Last Modified 2009-10-05 10:22:07
No More Panic would like to thank Meg for contributing this page. Meg is a RGN (Registered General Nurse)

When you first present at your doctors with acute anxiety and panic your doctor may recommend you take some medication to help you through this difficult time.

Information
For an comprehensive A-Z list of medications click here

Medications are not the only way to aid recover so your talk with your GP should be a discussion about what may work best for you rather than just a prescription being issued. (Please do see our page on getting help and read the NICE guidelines provided)

Please also take a look at the Benzodiazepines (tranquillisers) page as well for further information.

Below there is more information about each type of medication and links for further information.

It is your choice whether to take medication to help you through your current issues. The 'gold standard' recommended in the NICE guidelines for anxiety is CBT therapy. This can be combined with or without medication.

It is possible to recover without using medication at all.

The medications may significantly ease symptoms and give you a well needed break from feeling so terrible each day but they will not cure you of all your problems or symptoms. Using medication can prove to you that the symptoms you are experiencing are indeed anxiety and not some other dreaded lurgy as many of these symptoms will lessen or disappear whilst you are on the medication.

If you go on medication but do nothing else constructive to help yourself, you may find the initial symptoms reoccurring once you stop the medication. If your issues are caused by something that may improve naturally over time like a bereavement then medication may be all you need to see you through a particularly difficult patch but medications are not a permanent solution to an established emotional problem.

Take all medicine as prescribed - taking any regular medicine erratically will impair its effectiveness and increase the side effect risk.

Never stop any regular medication abruptly - all 3 of these types of medications need weaning off gently.

If you cannot 'get on' with a particular medication do not despair - each type has several brands and another may suit you better. It is definitely not 'one drug fits all patients' - go back to your doctor and discuss alternative options.

Benzodiazepines

Benzodiazepines are often used for short-term relief of severe, disabling anxiety, panic or insomnia. They are superb used in the short term to help with an acute crisis. Medium or Long-term use can be problematic due to the development of tolerance and dependency.

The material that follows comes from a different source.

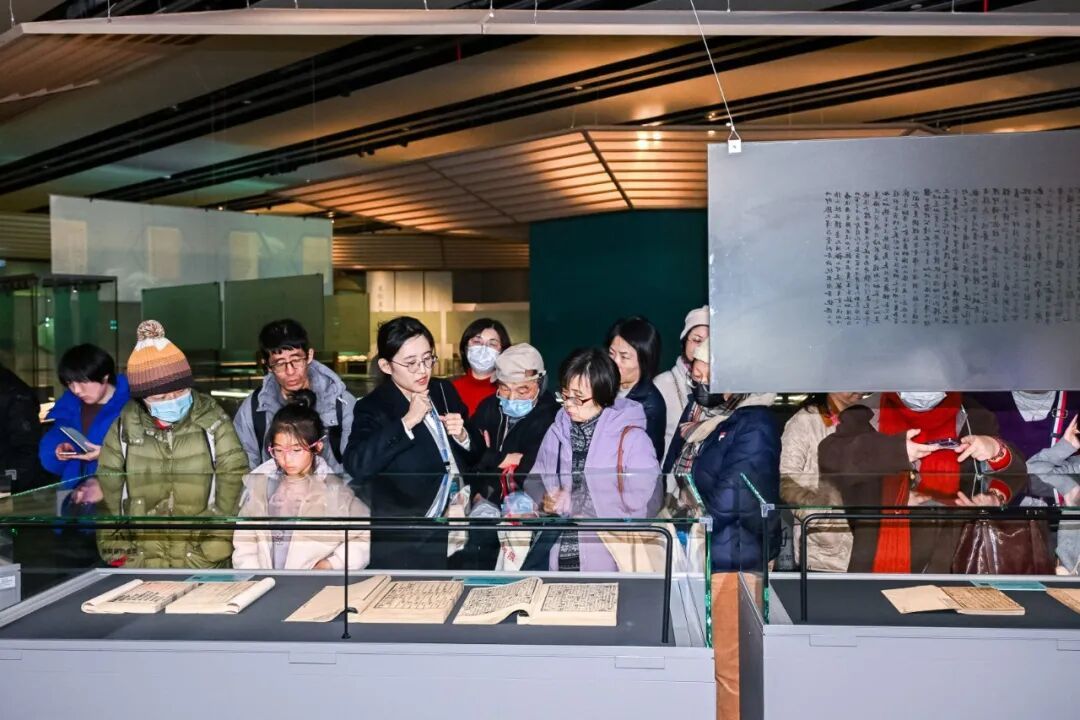 上图一年一度的馆藏精品大展,以文物与文献双线叙述,为读者打开了解江南文化的入口。上海图书馆历史文献中心馆员杨雪薇为读者讲述展品背后的故事,有不少读者特意选择了2025年的最后一天前来,“留下专属记忆”。

They are believed to act on the GABA receptor GABAA, the activation of which causes a sedative/calming effect.

These medications began to be widely prescribed for stress-related ailments in the 1960s and 1970s and it was only in the 80's and subsequently that there was an outcry about the potential addiction problem and now they are monitored very carefully and usually only prescribed in small amounts at a time.

Some of them act for less than six hours and have few effects left the next day if taken before bedtime, but rebound insomnia may occur and they might cause wake-time anxiety. Intermediate-acting compounds have an effect for 6-10 hours, may have mild residual effects but rebound insomnia is not common. Long-acting compounds have strong sedative effects that persist. Accumulation and addition may occur.

These are the most common ones that you may be prescribed

  • chlordiazepoxide (Librium®)
  • alprazolam (Xanax®) A popular choice in the USA and the Holy Grail for almost instant relief - not used much in the UK due to a high addiction risk
  • temazepam (Restoril®) mainly for insomnia
  • lorazepam (Ativan®)
  • clonazepam (Klonopin®, Rivotril®) mainly for insomnia
  • diazepam (Valium®)

Side effects include drowsiness, being wobbly when walking, confusion, dizziness, impaired judgement, and a number of other effects are common.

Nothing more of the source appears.